Monday, November 10, 2014

What words or phrases tell you about the setting?

As Watson approaches the Devonshire setting of Baskerville Hall, Doyle's imagery--which is description using the five senses--helps set the scene and the mood. The description using the five senses is mixed with abstract words like "melancholy" that help us understand the emotional mood evoked by the landscape.
Some words or phrases that tell us about the countryside as the train draws nearer are as follows: "a gray, melancholy hill" and "a strange jagged summit." Watson sees the setting as follows:

dim and vague in the distance, like some fantastic landscape in a dream.
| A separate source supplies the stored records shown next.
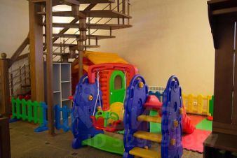 В зоне отдыха два дивана, 3D телевизор, кедровая сауна. Для маленьких посетителей предусмотрен "детский игровой уголок".
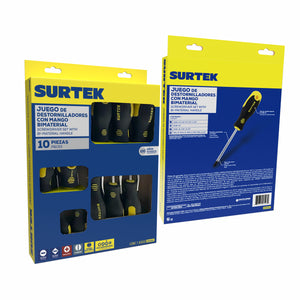 Juego de destornilladores con mango bimaterial combinados, 10 piezas en caja de cartón Surtek
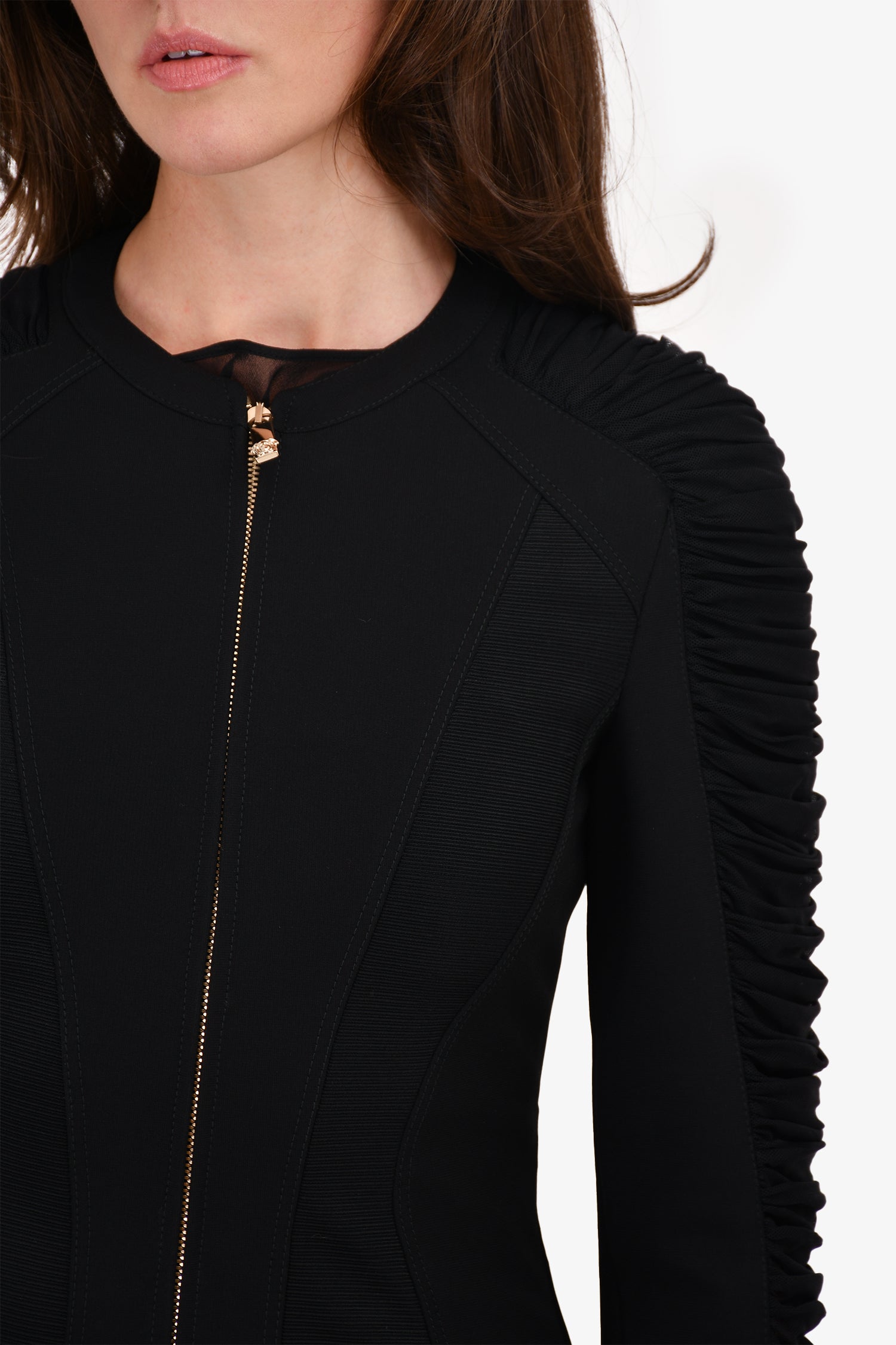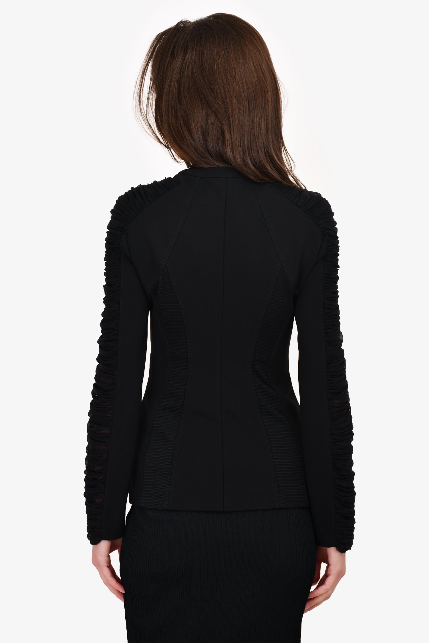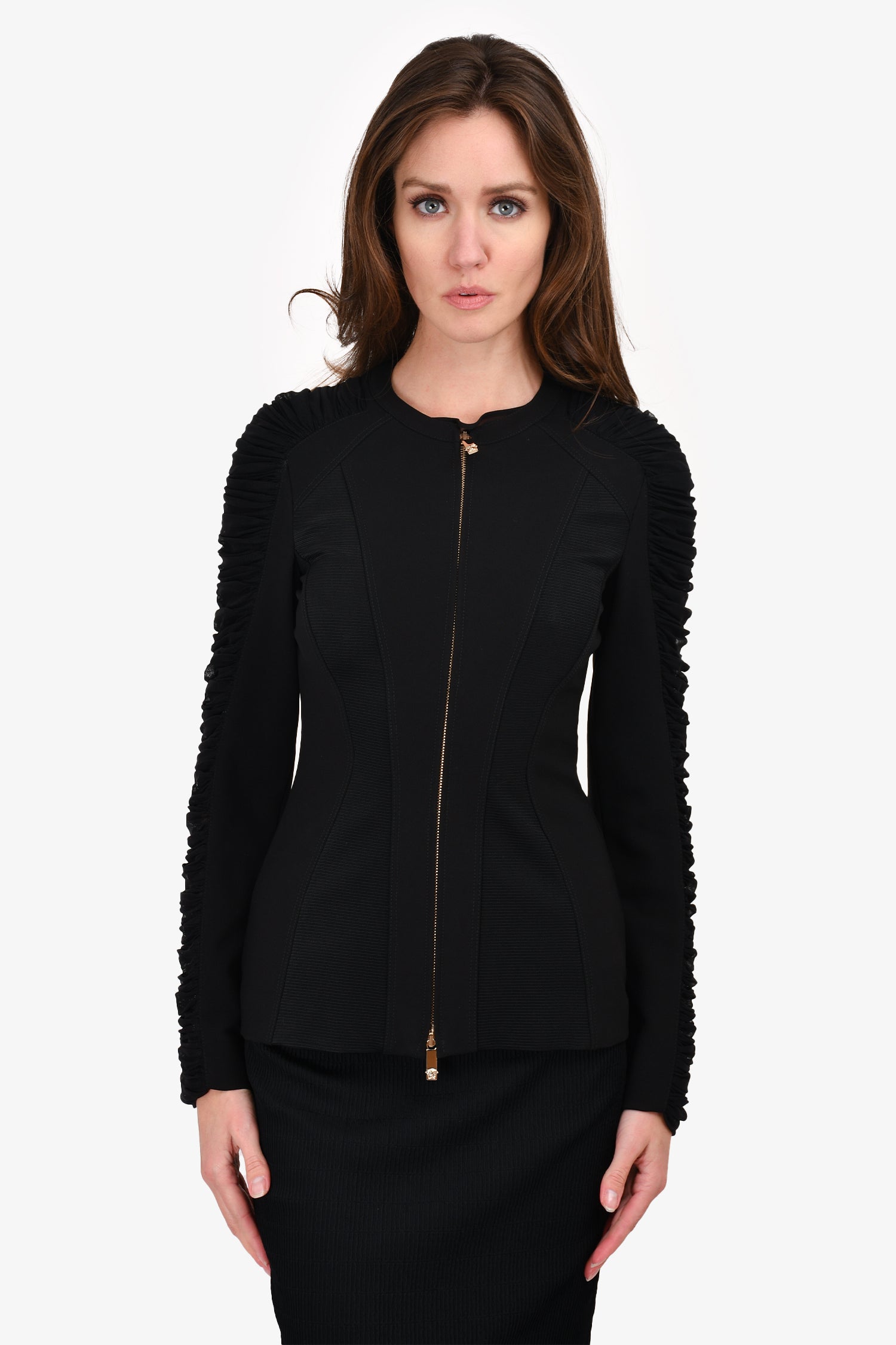 Versace Black Ruched Sleeve Zip Up Jacket Size 40
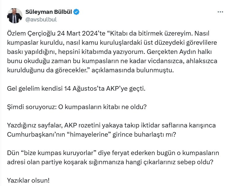 CHP Aydın Milletvekili Süleyman Bülbül, sosyal medya hesabından yaptığı paylaşımda Çerçioğlu'nun 24 Mart 2024 tarihinde verdiği röportaja dikkat çekerek "O kumpasların kitabı ne oldu?" ifadelerini kullandı.
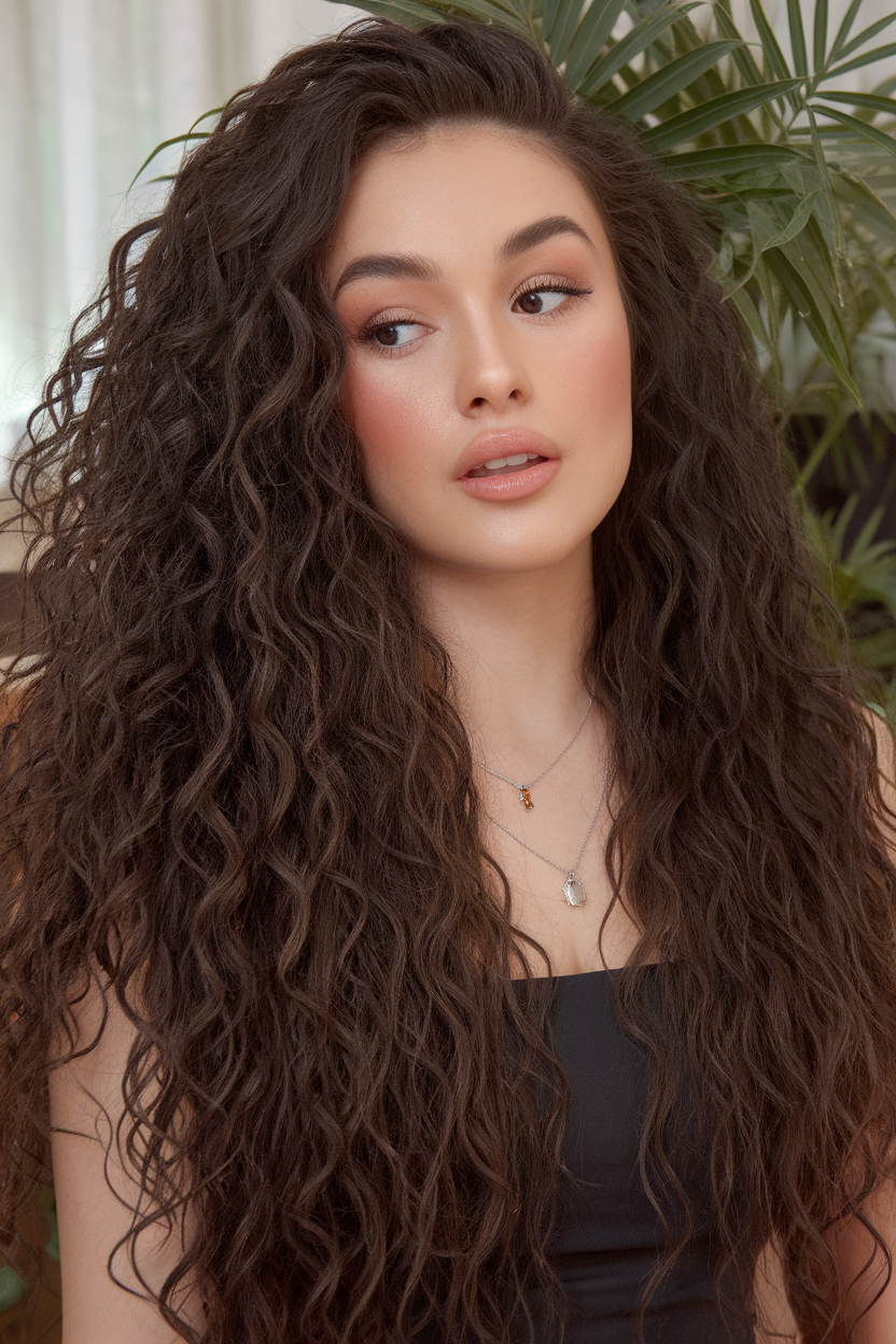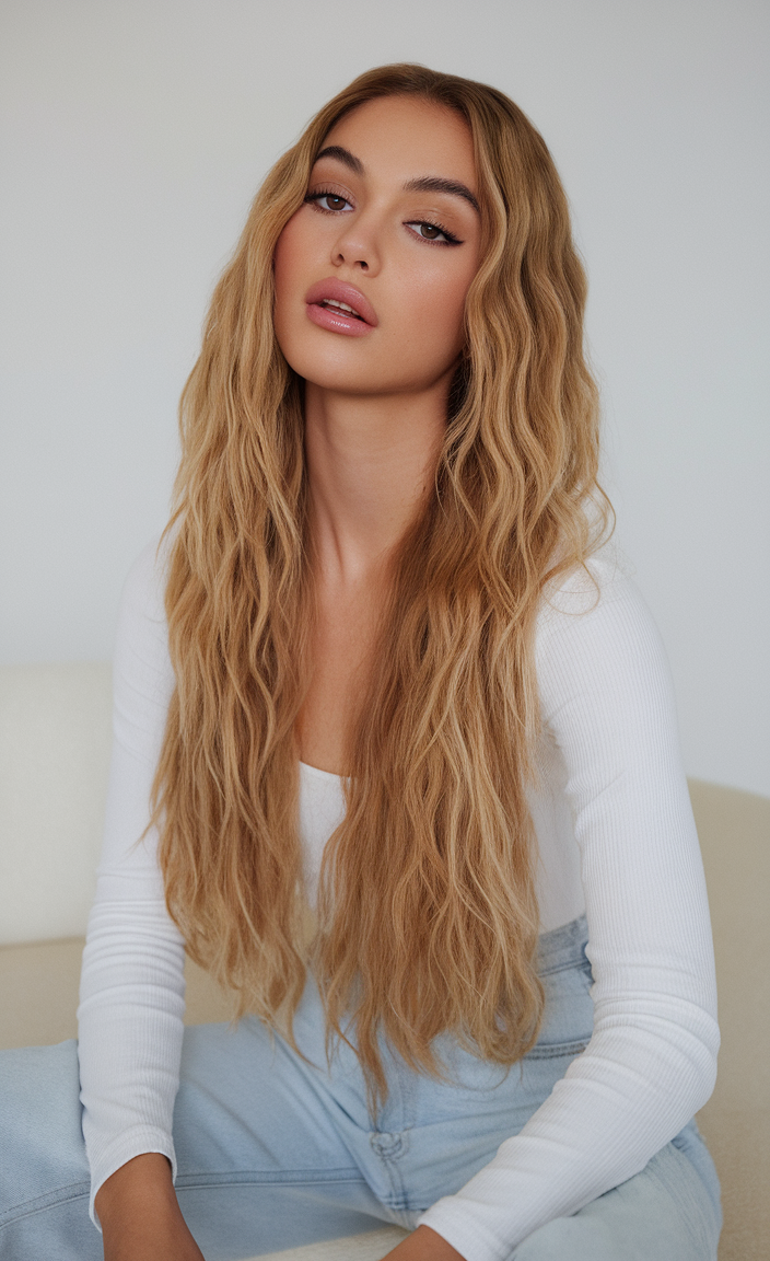This wet and wavy wig in a brown to honey blonde shade enhances natural texture with effortless waves. The long length and soft waves create a relaxed yet polished look, perfect for a breezy spring aesthetic. The dimensional color makes this style a unique and versatile choice.

Words such as "gray," "melancholy," "strange," "jagged, and "dim" might give us an uneasy feeling about this particular setting. It sounds anything but bright, light, and cheerful.
We also learn of the "gloomy curve of the moor" and "the jagged and sinister hills," which reinforces the mood of foreboding. As the travelers approach Baskerville Hall, autumn is depicted as a grim and unpleasant, rather than a lovely season. One example is the image of the "rotting vegetation" on the ground. A "cold wind" sweeps down from the moor. The moor is described as a "desolate plain," and "barren waste," both inhospitable images. Other negative imagery includes "stunted oaks and firs."
When Watson first sees Baskerville Hall, it is describes as a creepy, unsettling, Gothic place. The lodge they pass is "a ruin of black granite," and the trees that tower overhead leading the main house create a "sombre tunnel." Baskerville "shudder[s]" as he views the house, which looks like a "ghost."
With all this description of an inhospitable locale, we can expect a scary, eery story to unfold.